En primer lugar, ésta se diferencia de otras versiones en la austeridad, principalmente escenográfica. Una austeridad que nos permite disfrutar de unas Bodas de sangre sin más artilugios que unos bloques laterales -adaptables en su colocación según el pasaje que se esté representando en cada momento-; sin navajas o, mejor dicho, sin “navajazos” explícitos; y, consecuentemente, sin más sangre que la que termina mostrando la novia en sus manos.

La producción, además, rehúye acertadamente de los tópicos que podrían caracterizar cualquier versión no sólo de ésta, sino de cualquier obra ambientada en Andalucía. Apenas si hay “folclore” si exceptuamos algunos momentos de baile más o menos aflamencado; mientras que los actores -andaluces en gran parte, como es lógico- adoptan el acento típico de mi tierra sin exageraciones, con el punto exacto para que no chirríe a los oídos del espectador. Quizás como hubiese querido García Lorca.

Pero toda esta modernidad y austeridad no hace perder un ápice de dramatismo a esta tragedia basada en el llamado “crimen de Níjar” -Almería- de 1928. Al contrario, el fatalismo que emana durante toda la obra llega al alma del espectador, sobre todo gracias a la interpretación de los actores.

Leonardo, interpretado por Israel Frías.
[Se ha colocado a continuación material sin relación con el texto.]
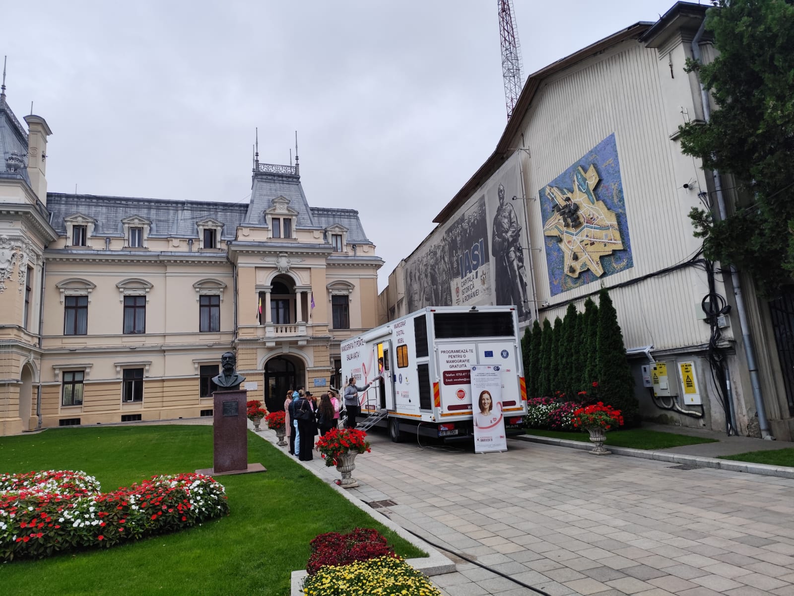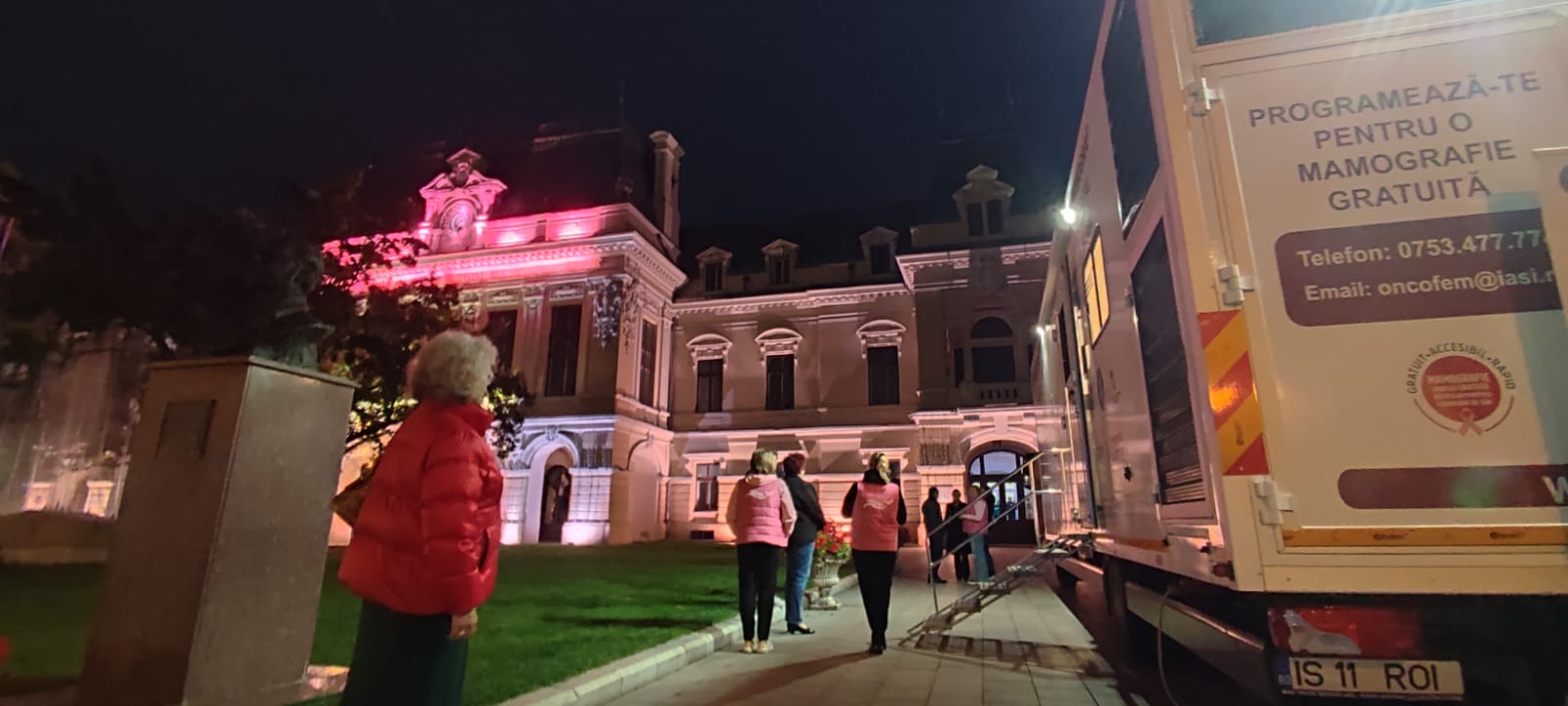 Unitatea Mobilă de screening de cancer mamar de la Institutul Regional de Oncologie Iași IRO Iași a staționat joi seară în fața Primăriei Iași pentru a le oferi ocazia femeilor să facă mamografie gratuită, cu ocazia zilei Mondiale de Luptă Împotriva Cancerului la Sân, marcată la 1 octombrie.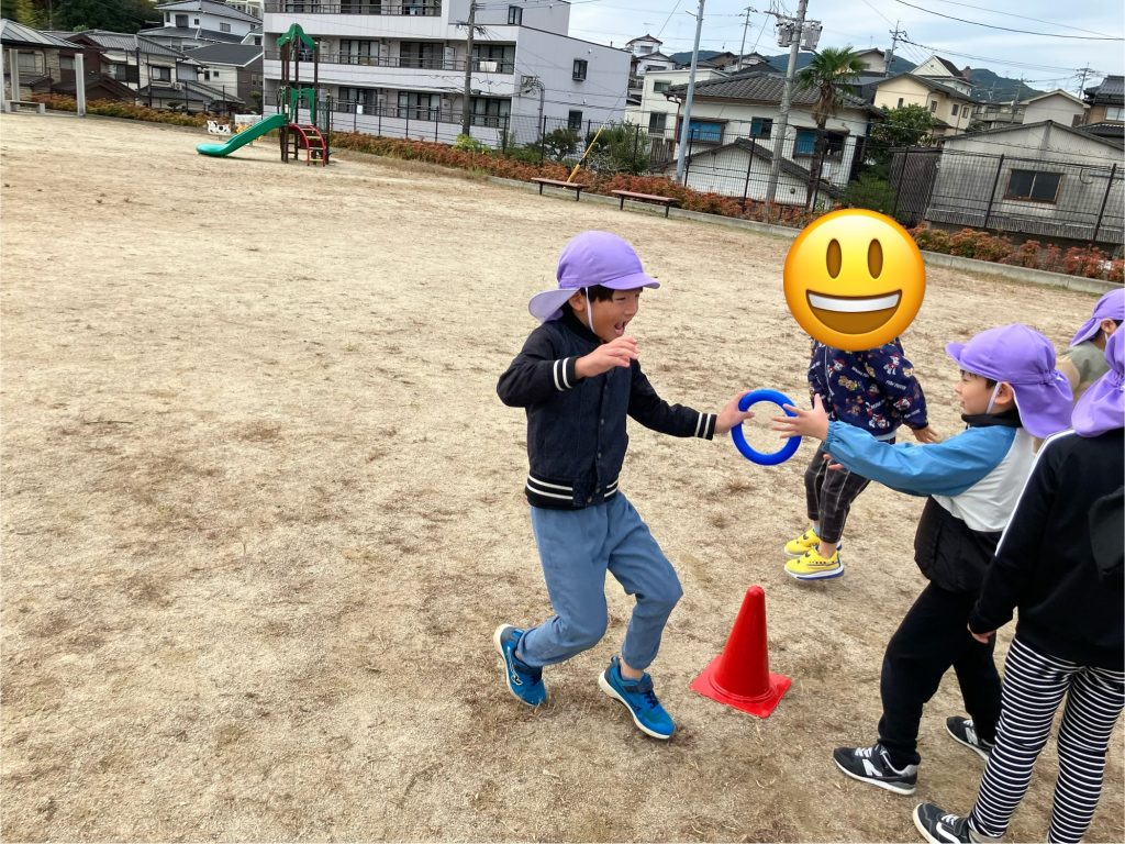 わかば組・あまね組は、公園までお散歩に行き、かけっこをしたり、リレーをしたりして体を動かしました♬

Foto: israelfriasactor.blogspot.com/ Magnífica Consuelo Trujillo bajo la piel de la madre del novio. Pese a que el trío protagonista lo forman Leonardo, el novio y la novia -a quienes dan vida de forma notable Israel Frías, Luis Rallo y Noemí Martínez, respectivamente-, el verdadero peso de la obra corre a cargo de esta consagrada actriz teatral -experta en montajes lorquianos- a quien el público terminó tributando una especial ovación.

Junto a Trujillo destaca la presencia de otro veterano de la escena, el andaluz nacido en Asturias Carlos Álvarez-Novoa, quien aporta su experiencia con el personaje del padre de la novia. Los secundarios tampoco desentonan, en especial Olga Rodríguez, Maica Barroso y Ana Malaver; así como el resto, que ayudan además, como todos, con su aportación coreográfica, bajo la dirección de Cristina Hoyos.

Precisamente la coreografía se erige como otro de los puntos fuertes de la obra, así como el canto de algunos de los personajes femeninos; aunque éste, al menos en la fecha que se corresponde con esta crítica, anduvo un poco más deslucido. Especialmente falta de convicción es la aportación de Ana Belén; a quien se le agradece que, aunque de manera “enlatada”, haya colaborado con su voz en el comienzo del último acto -escena y canción de La Luna-, pero personalmente pienso que podía haberlo hecho mucho mejor.

Y el otro defecto destacable, al menos para mí, es la danza aérea de la luna, interpretada por la ex de Al salir de clase y, actualmente, actriz acróbata Diana Wrana; defecto no por su inclusión en sí, que me parece muy original; sino por la forma en la que se ha preparado. Porque, a pesar de las explicaciones del director José Carlos Plaza en la previa del estreno en Sevilla, la sensación deseada de “los dioses hablando de la muerte” apenas si se consigue con esa presunta luna bailando como puede por la plataforma ubicada en la parte superior del escenario.

Por ello esta versión de Bodas de sangre no merece que se le otorgue la cuarta estrella; aún así Plaza y su elenco han logrado elaborar, como vengo diciendo desde el principio, un montaje con el que cualquier lorquiano y cualquier buen aficionado al teatro en general se puede sentir satisfecho.